A cultural approach to First Nations tenancy and housing

Here in Noongar boodja (country), most social housing is provided by the Department of Communities (DoC). The social housing waitlist is huge (it’d take about 1,300 years to house everyone) and Aborginal people face twice as long a wait on the priority list.

They’re also more likely to be evicted than non-Aboriginal tenants, and it’s believed over half of evictions are Aboriginal people.

People on the housing waitlist can find themselves being forced to choose between culture and housing; some cultural factors are:

  • Connection to a specific area of land (which can be positive, i.e. traditional ownership, family connection, or negative i.e. certain families claiming ownership to certain suburbs)
  • Houses where there’s been a death, or a family has lived there who’re feuding with their family
  • A belief that bad spirits remain in certain homes, meaning that certain families cannot live there
  • Not being able to respond to DoC on a housing offer within the mandated 3-day response period.

This last point is particularly important: it’s not always easy to contact people within that mandated timeframe, especially when they’re transient. Maybe they’re not contactable via phone; maybe they’ve gone back to country; or they’re doing “sorry business” (mourning rites). Even if they know of the offer, they may need time to consider cultural factors. In contrast, we activate our connections on the “Noongar Grapevine” of family ties to find people who may be aware of that person’s whereabouts and let them know of the offer.

Because of factors like these, an Aboriginal person can find themselves in internal conflict, and may refuse an offer of housing. DoC won’t consider this a reasonable reason to refuse, and so they may find themselves dropped down to the bottom of (or even off of) the waitlist.

Here at Noongar Mia Mia, we recognise the immense value of culture to the wellbeing of our mob, and we consider these reasons for refusal to be valid. As an ACCO, we understand and respect cultural practices, and where these cultural reasons for refusing housing occur, we will continue our work in finding culturally-appropriate housing for that waitlisted person.

So, what does culturally-appropriate housing look like? Housing in Australia is based on dominant cultural ideas about what a household looks like, and that’s often just a nuclear family with 1.8 kids. Houses with more than 4 rooms are hard to come by. On the other hand, it’s not uncommon for Aboriginal families to house 4-5 generations under one roof; not just because kinship makes us stronger, but also because we’re obligated to let kin stay, especially when they’re in crisis. And so many of us are. But much as 3 kids to a room was wholesome on the Brady Bunch, real-life overcrowding comes with a plethora of negative outcomes.

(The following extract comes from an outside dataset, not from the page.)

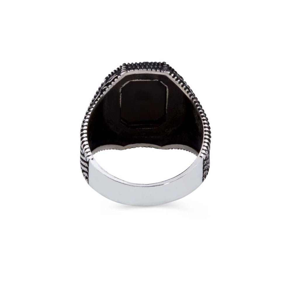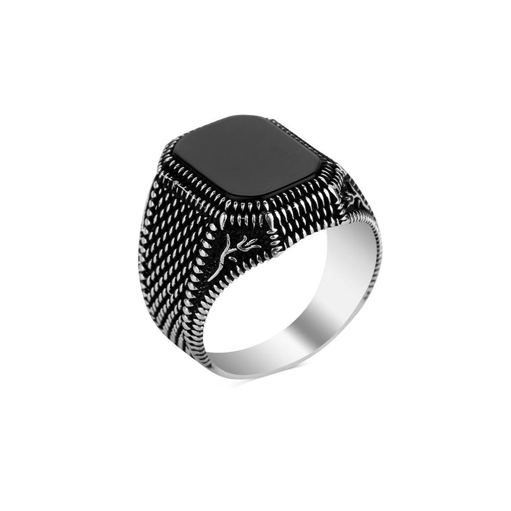 Siyah Oniks Taşlı Erkek Gümüş Yüzük (YY-036)

We need homes that are large enough; we need homes that are near our family members; we need to live places where our kids can learn culture from their grandparents; we need to live in the places that we call home; we need to be able to offer a roof over the head when a loved one desperately needs it. We need our homes to be affordable, stable and safe.

Private market housing

Well, Perth is in the midst of a housing emergency, with housing support services receiving thousands of calls per month; you can read more about this in the Open Letter to the Premier released by the CEOs of the Housing Emergency Response Group. Desperate families are losing their homes, not only because of unaffordable rent increases, but also because of landlords offloading their investments in a red-hot property market.

The long-and-short: we’re already left out in the cold by the job market, so on average our rent price ceiling is lower; even where we can afford rent price hikes, many landlords are biased against Aboriginal people, and when they receive dozens of applications on their rental property, they’ll likely to choose anybody but us. So even families with both parents in fulltime work end up going from home open to home open, wasting time and getting nowhere.

A recent UWA report Aboriginal Experiences of Housing First found it took twice as long for an Aboriginal person to be housed after being priority-listed. Between labour market discrimination, rental market discrimination, and cultural factors that can make some housing inappropriate, just getting a roof over your head is a serious problem; the same problem our parents faced. We can’t afford to wait another half-century for something to change. Housing insecurity and homelessness are complex problems, but what we know for sure is that it all starts with a house. Because without a home, everything else falls apart.